**Source material**

***

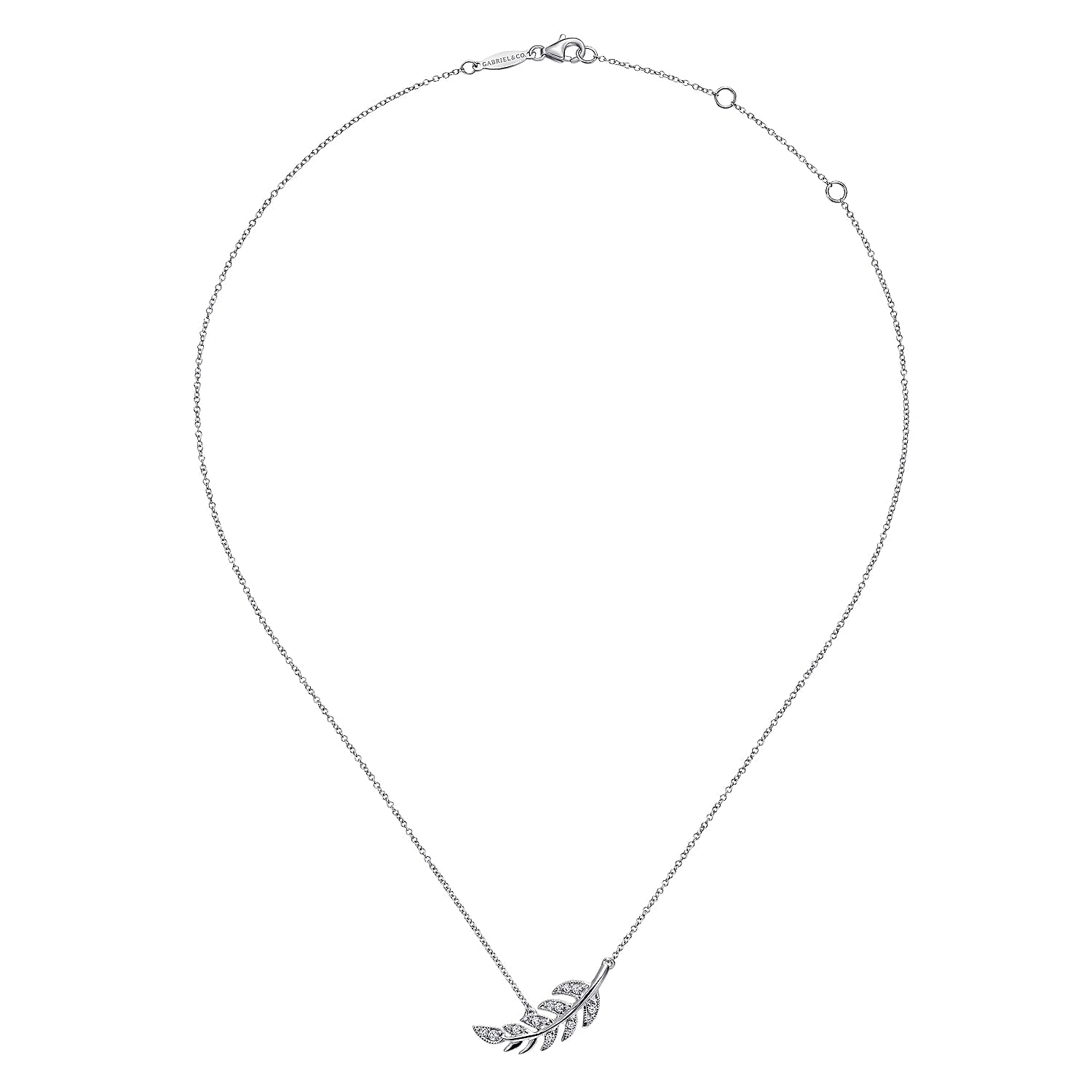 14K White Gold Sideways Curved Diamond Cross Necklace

***

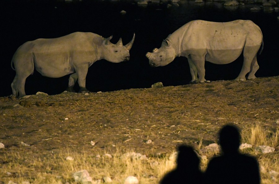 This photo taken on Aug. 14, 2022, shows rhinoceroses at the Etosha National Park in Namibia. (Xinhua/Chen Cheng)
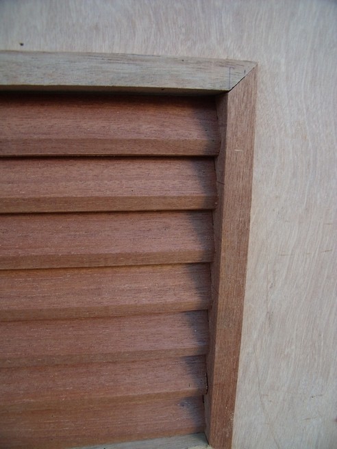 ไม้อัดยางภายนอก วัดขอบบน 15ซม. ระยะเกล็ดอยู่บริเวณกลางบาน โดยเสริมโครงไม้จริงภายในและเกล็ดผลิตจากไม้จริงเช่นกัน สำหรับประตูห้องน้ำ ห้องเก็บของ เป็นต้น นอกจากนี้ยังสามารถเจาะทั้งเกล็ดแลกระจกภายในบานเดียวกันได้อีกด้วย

***

**Problem description**
With the pictures omitted, copy exactly the lines of the listing above starting at the line containing "This photo taken" and ending at the line containing "ไม้อัดยางภายนอก วัดขอบบน 15ซม.", both included.

**Response**
 This photo taken on Aug. 14, 2022, shows rhinoceroses at the Etosha National Park in Namibia. (Xinhua/Chen Cheng)
 ไม้อัดยางภายนอก วัดขอบบน 15ซม. ระยะเกล็ดอยู่บริเวณกลางบาน โดยเสริมโครงไม้จริงภายในและเกล็ดผลิตจากไม้จริงเช่นกัน สำหรับประตูห้องน้ำ ห้องเก็บของ เป็นต้น นอกจากนี้ยังสามารถเจาะทั้งเกล็ดแลกระจกภายในบานเดียวกันได้อีกด้วย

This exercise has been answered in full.